◆ The problem:
Retype only the lines below from the one with "Mesita de noche" to the one with "Напоминаю, что тред", inclusive, skipping every image.

((

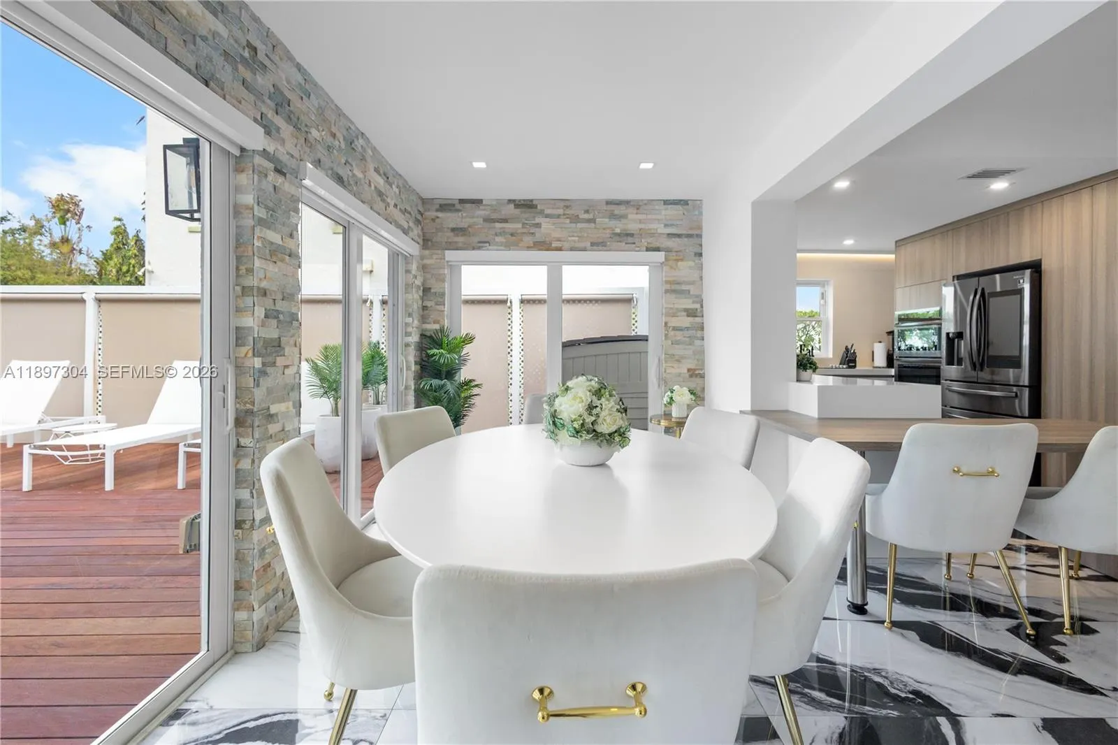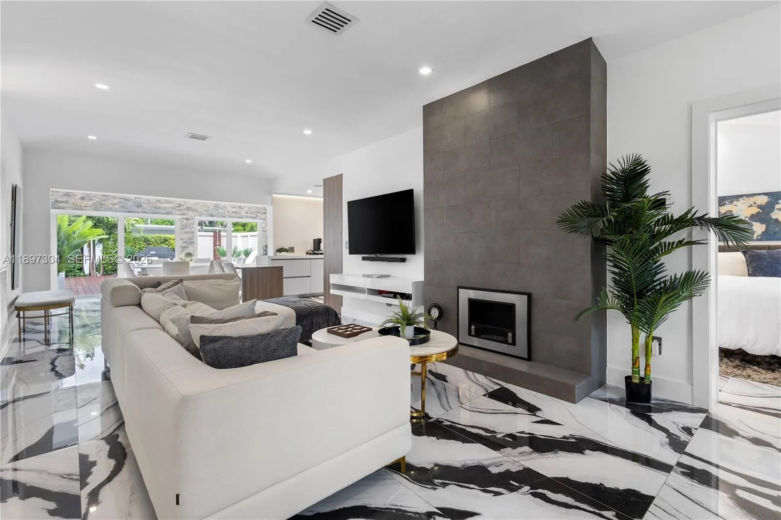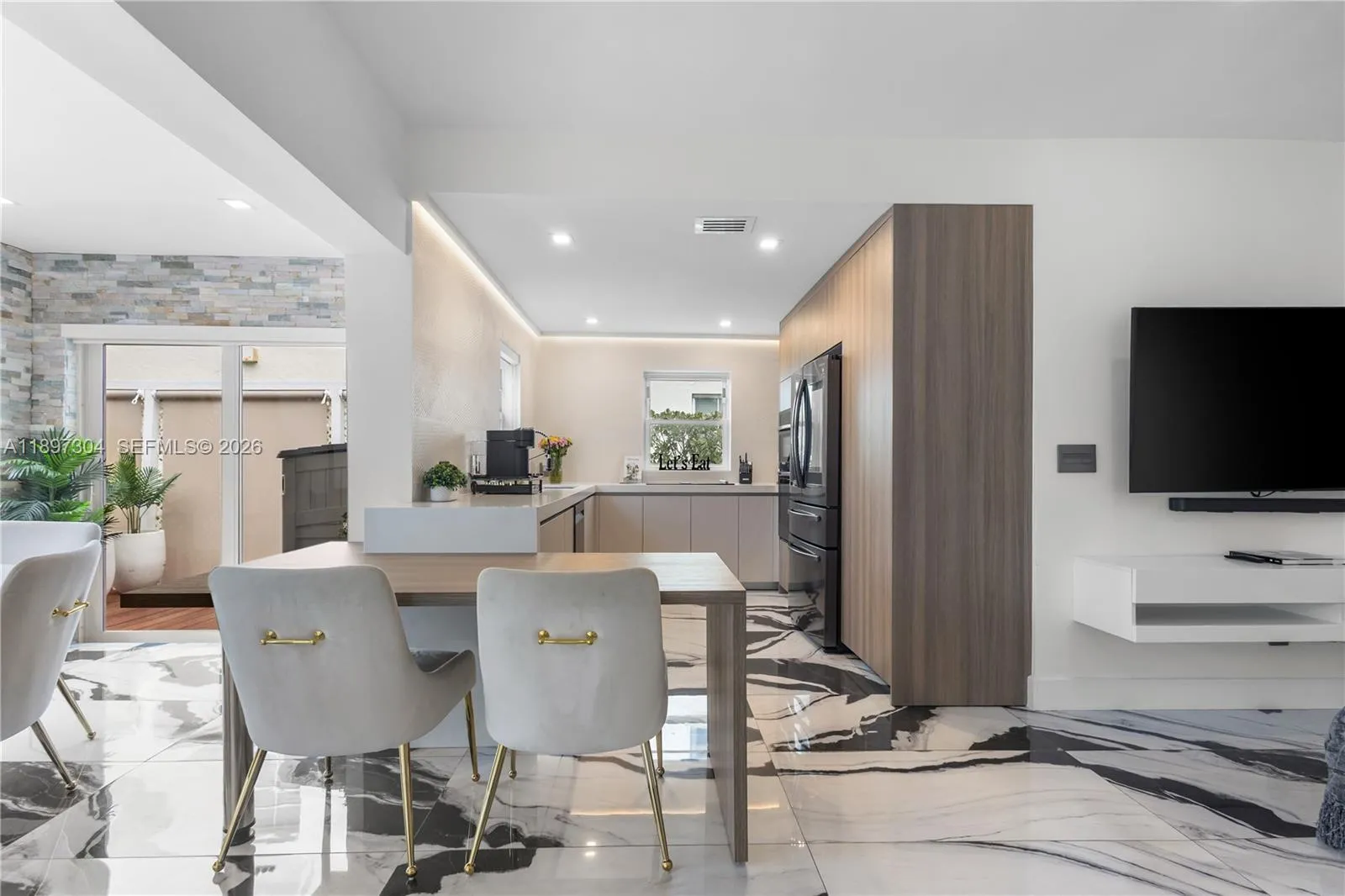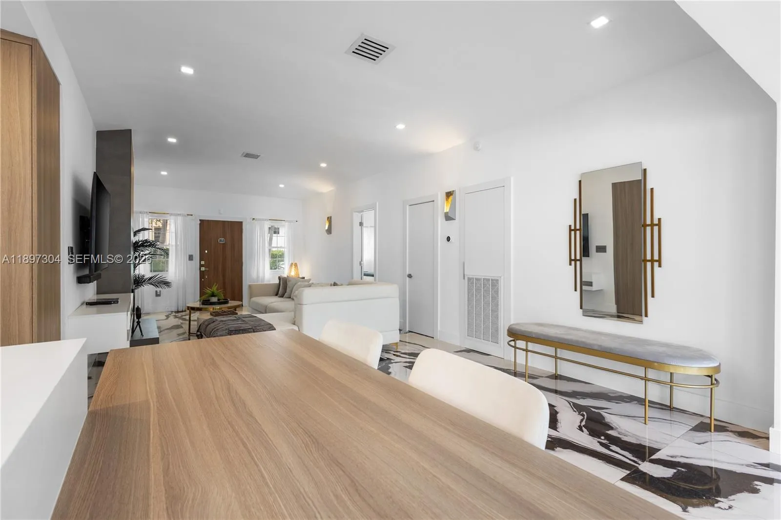 This beautifully remodeled contemporary style, furnished, 3 bedroom, 3.5 bathroom, single family home, boasts high ceilings and an open floor plan with private parking. With oversized impact balcony doors and windows that open up to a spacious private deck with abundant seating. This home has it all, custom built-ins, eat-in kitchen, abundant cabinet storage, stone countertops, high end stainless steel appliances, perfect blend of high style and modern conveniences. Located steps away from Lincoln Road, blocks away from great shops and the beach.
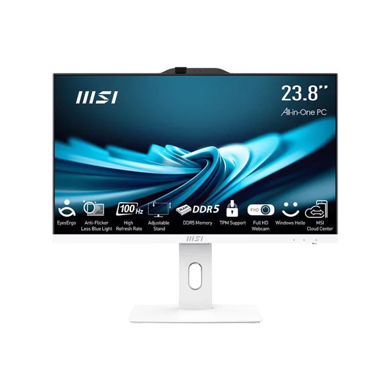 Моноблок/ MSI PRO AP242P 14M 23.8"(1920x1080 (матовый) IPS)/Intel Core i5 14400(2.5Ghz)/8192Mb/256PCISSDGb/noDVD/Int:Intel UHD Graphics 730/Cam/BT/WiFi/-/war 1y/4.63kg/White/DOS + Wireless KB+M (9S6-AE0622-825)
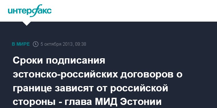 Таллин. 5 октября. ИНТЕРФАКС - Министр иностранных дел Эстонии Урмас Паэт (Urmas Paet) считает, что сроки подписания эстонско-российских договоров о сухопутной и морской границе зависит от российской стороны.
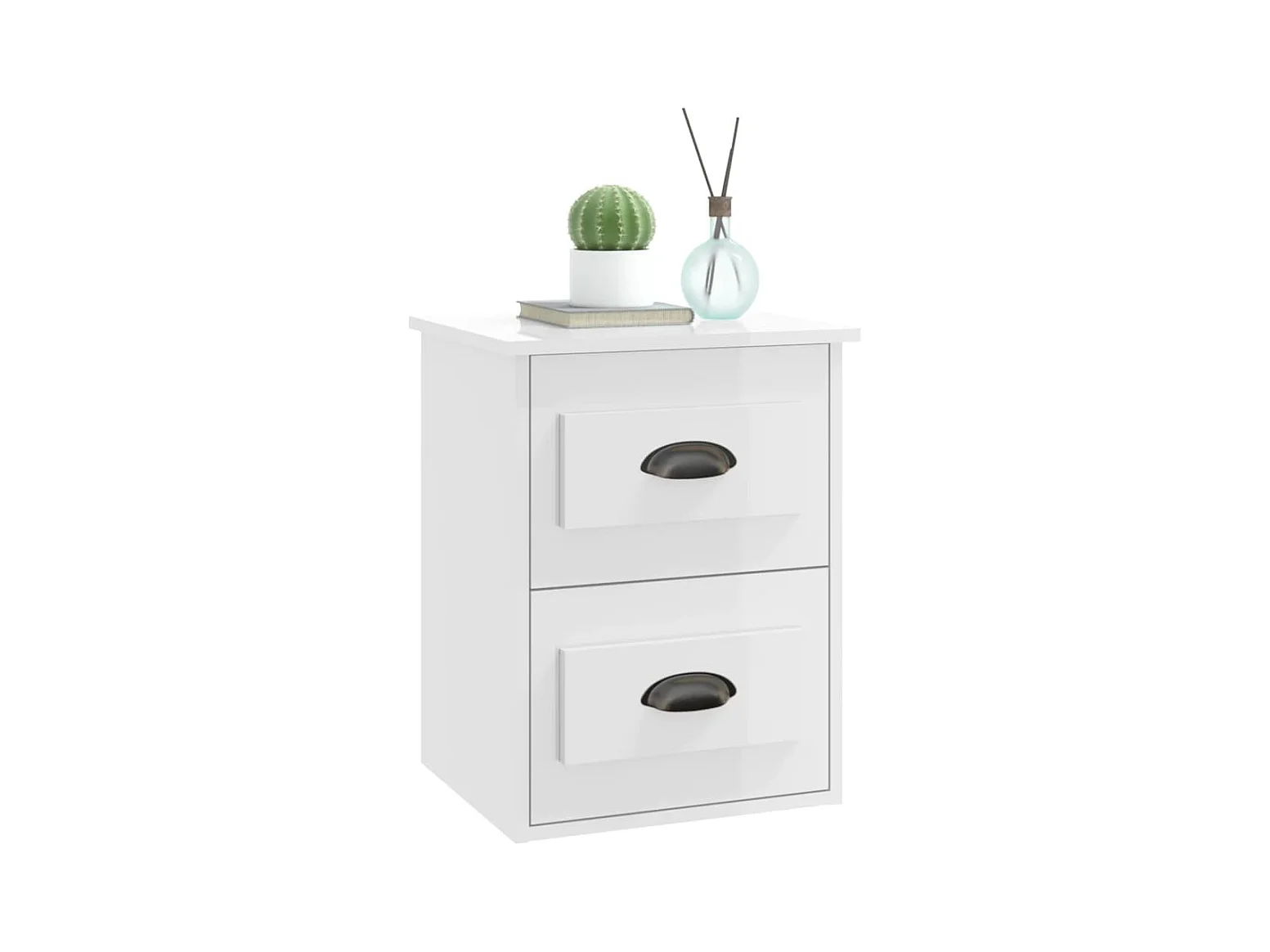 Mesita de noche de pared en blanco brillo 41,5x36x53 cm
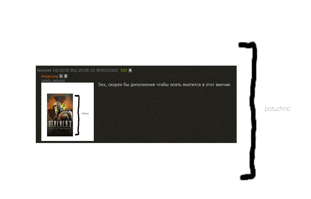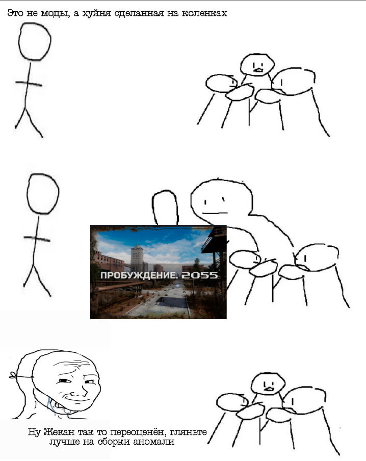 Напоминаю, что тред сталкера на сосаче состоит из: Григаплотей - постоянно кидаются на любую критику сталкера 2 им. жени хрюкоровича(становятся едой буквально для всех, да и вообще их забыли спросить). Бюреров-храуфагов - сидят в своих немытых подвальчиках, кидаясь говном во всех, кто решает отойди от канонов(их шизофазии, которая каждый раз меняется) по оригинальной трилогии, особый бугурт на с2 по многим причинам, объективным и/или нет(чаще нет). Билдозомби - стёрли свои 3см приборы на дрочке билдов, пытаясь найти суть ТСС(её нет, или есть?). Полтергейсты-отрицалы - пикируются с бюрерами, им не нравится всё, что есть в с2, но ничего не делают, чтобы показать как надо по их мнению(которое как жопа, есть у каждого). Новопыс-отмычек - вкатились во время с2, особо мягкие становятся едой для первых 4х категорий, когда высказывают хоть что либо, что им не нравится Чады-сталкеры-ветераны - ржут с мутантской пиздобратии и идут дальше, или подкармивают фауну, когда тред загибается.
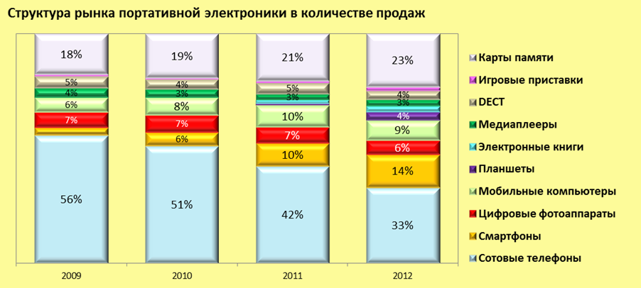 По оценке компании «Евросеть», рынок портативной электроники в 2012 году продолжил свое развитие, показав прирост в 16,7% в количественном и 20,5% - в денежном выражении. Таким образом, на рынке РФ за 2012 год было реализовано 88,6 млн. устройств, выручка от которых составила 484,8 млрд. руб. В количественном выражении, несмотря на значительное сокращение продаж, максимальную долю продолжает занимать сегмент простых сотовых телефонов. На втором месте – рынок карт памяти, который увеличил долю в количестве продаж на два процентных пункта (пп). Рынок смартфонов вышел на третью позицию, заняв 14% от общего количества продаж устройств на рынке, оттеснив мобильные компьютеры, которые потеряли 1 пп по сравнению с прошлым годом. Рынок в денежном выражении прирос на 20,5% к прошлому году и составил 484,8 млрд. руб. Наибольший прирост показал сегмент планшетов: + 256,7% к прошлому году. Максимальный прирост к 2011 году показал сегмент планшетов (+366% в количестве). Больше, чем на 100% в количестве приросли рынки электронных книг и игровых приставок. Выше среднего по рынку показали прирост смартфоны (+69% в количестве и +60% в выручке), рынок карт памяти (+31% в количестве и +23% в выручке) и медиаплееры (только в количестве: +25%).
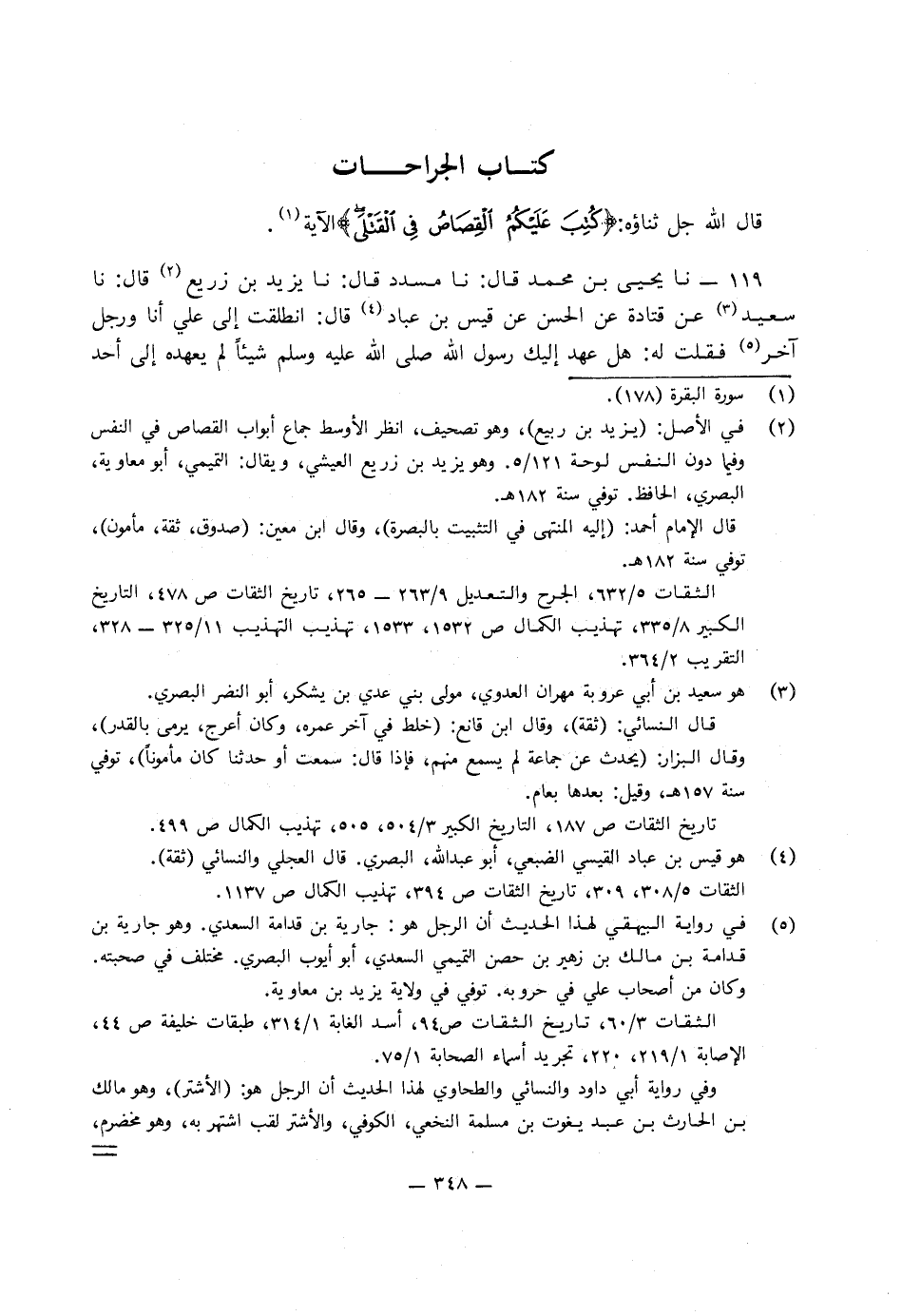 119 - نا يَحْيَى بْنُ مُحَمَّدٍ، قَالَ: نا مُسَدَّدٌ، قَالَ: نا يَزِيدُ بْنُ رَبِيعٍ، قَالَ: نا سَعِيدٌ، عَنْ قَتَادَةَ، عَنِ الْحَسَنِ، عَنْ قَيْسِ بْنِ عُبَادَةَ، قَالَ: انْطَلَقْتُ إِلَى عَلِيٍّ أَنَا وَرَجُلٌ آخَرُ، فَقُلْتُ لَهُ: هَلْ عَهِدَ إِلَيْكَ رَسُولُ اللَّهِ صَلَّى اللَّهُ عَلَيْهِ وَسَلَّمَ شَيْئًا لَمْ يَعْهَدْهُ إِلَى أَحَدٍ.

))

◆ Answer box:
 Mesita de noche de pared en blanco brillo 41,5x36x53 cm
 Напоминаю, что тред сталкера на сосаче состоит из: Григаплотей - постоянно кидаются на любую критику сталкера 2 им. жени хрюкоровича(становятся едой буквально для всех, да и вообще их забыли спросить). Бюреров-храуфагов - сидят в своих немытых подвальчиках, кидаясь говном во всех, кто решает отойди от канонов(их шизофазии, которая каждый раз меняется) по оригинальной трилогии, особый бугурт на с2 по многим причинам, объективным и/или нет(чаще нет). Билдозомби - стёрли свои 3см приборы на дрочке билдов, пытаясь найти суть ТСС(её нет, или есть?). Полтергейсты-отрицалы - пикируются с бюрерами, им не нравится всё, что есть в с2, но ничего не делают, чтобы показать как надо по их мнению(которое как жопа, есть у каждого). Новопыс-отмычек - вкатились во время с2, особо мягкие становятся едой для первых 4х категорий, когда высказывают хоть что либо, что им не нравится Чады-сталкеры-ветераны - ржут с мутантской пиздобратии и идут дальше, или подкармивают фауну, когда тред загибается.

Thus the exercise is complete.